• **PROBLEM DESCRIPTION**
Once the line with "To Tell You |" is found in the entries below, repeat it and each following line exactly, up to and including the line with "Black Onyx Set". Add no other lines.

• **INPUT**
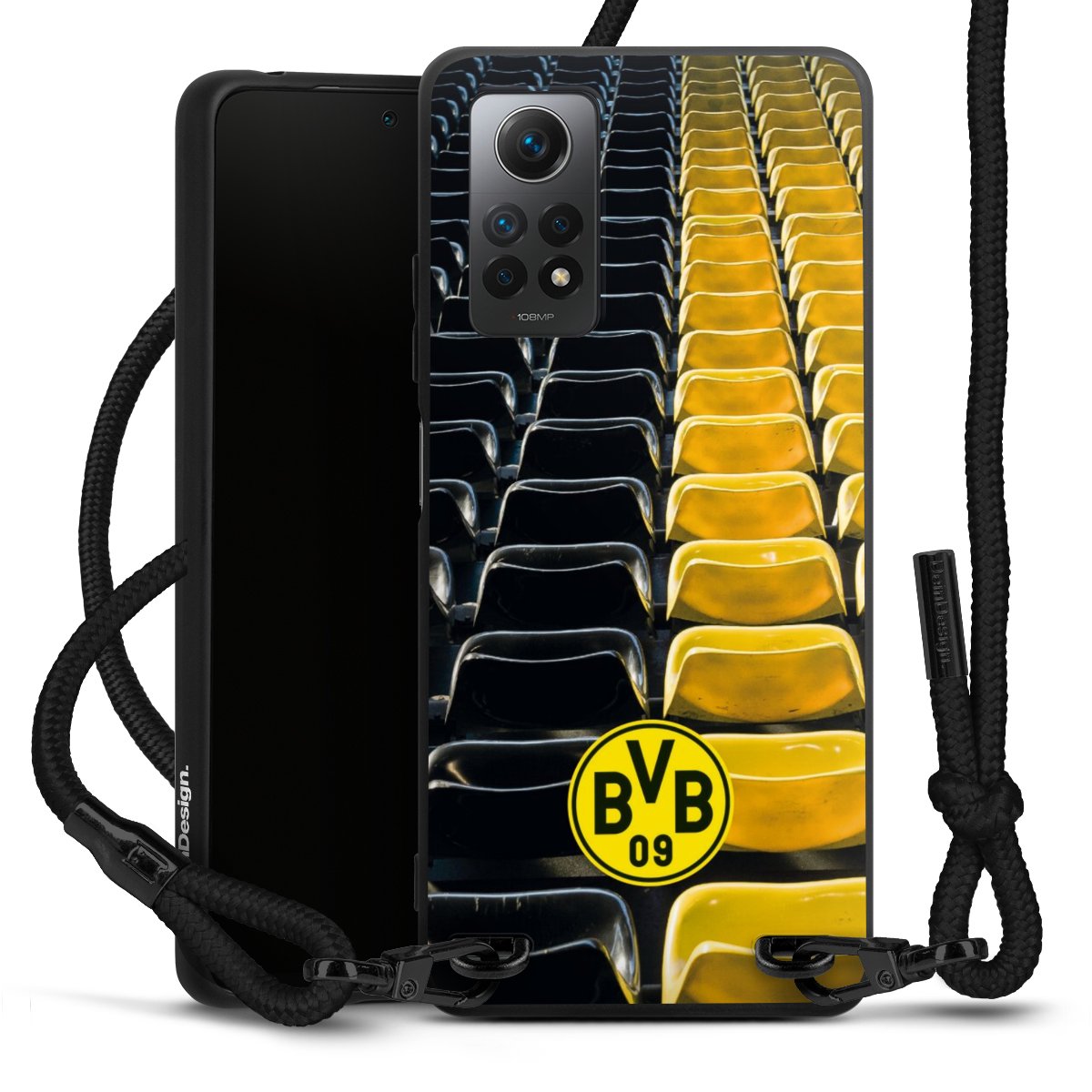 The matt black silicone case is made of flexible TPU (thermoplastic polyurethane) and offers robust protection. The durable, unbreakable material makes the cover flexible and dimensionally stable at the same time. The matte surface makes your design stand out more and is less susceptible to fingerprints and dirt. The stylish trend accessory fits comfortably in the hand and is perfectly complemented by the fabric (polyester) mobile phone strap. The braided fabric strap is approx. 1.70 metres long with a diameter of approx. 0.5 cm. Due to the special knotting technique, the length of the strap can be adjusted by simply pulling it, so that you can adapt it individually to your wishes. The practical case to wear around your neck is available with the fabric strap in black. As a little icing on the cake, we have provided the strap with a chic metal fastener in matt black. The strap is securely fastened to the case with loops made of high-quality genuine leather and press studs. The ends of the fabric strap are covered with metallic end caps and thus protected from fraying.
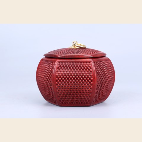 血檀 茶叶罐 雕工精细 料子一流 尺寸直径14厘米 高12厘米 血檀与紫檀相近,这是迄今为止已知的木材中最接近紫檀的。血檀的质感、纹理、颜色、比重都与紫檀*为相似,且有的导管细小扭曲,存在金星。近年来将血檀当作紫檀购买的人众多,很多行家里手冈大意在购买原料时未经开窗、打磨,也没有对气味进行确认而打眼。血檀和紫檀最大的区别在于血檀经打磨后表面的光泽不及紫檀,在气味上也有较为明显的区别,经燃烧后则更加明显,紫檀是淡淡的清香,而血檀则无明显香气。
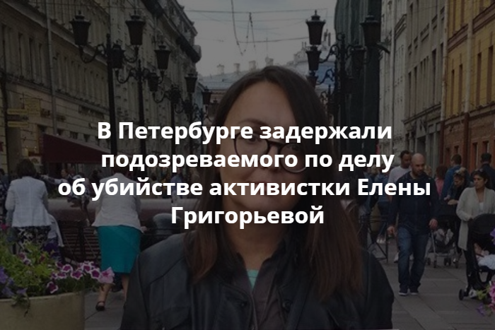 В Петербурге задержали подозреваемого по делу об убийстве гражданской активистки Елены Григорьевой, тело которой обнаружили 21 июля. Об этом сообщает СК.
---
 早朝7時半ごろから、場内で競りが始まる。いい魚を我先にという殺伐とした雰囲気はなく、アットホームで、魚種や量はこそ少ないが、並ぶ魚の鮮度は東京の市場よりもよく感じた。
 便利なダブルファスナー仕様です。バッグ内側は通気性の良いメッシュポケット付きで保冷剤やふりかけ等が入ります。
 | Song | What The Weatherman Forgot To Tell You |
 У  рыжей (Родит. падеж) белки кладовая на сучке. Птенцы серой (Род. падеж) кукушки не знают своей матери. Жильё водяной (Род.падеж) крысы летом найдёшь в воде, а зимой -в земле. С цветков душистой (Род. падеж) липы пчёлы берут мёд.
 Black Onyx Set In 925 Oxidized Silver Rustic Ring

• **ANSWER TO THIS EXERCISE**
 | Song | What The Weatherman Forgot To Tell You |
 У  рыжей (Родит. падеж) белки кладовая на сучке. Птенцы серой (Род. падеж) кукушки не знают своей матери. Жильё водяной (Род.падеж) крысы летом найдёшь в воде, а зимой -в земле. С цветков душистой (Род. падеж) липы пчёлы берут мёд.
 Black Onyx Set In 925 Oxidized Silver Rustic Ring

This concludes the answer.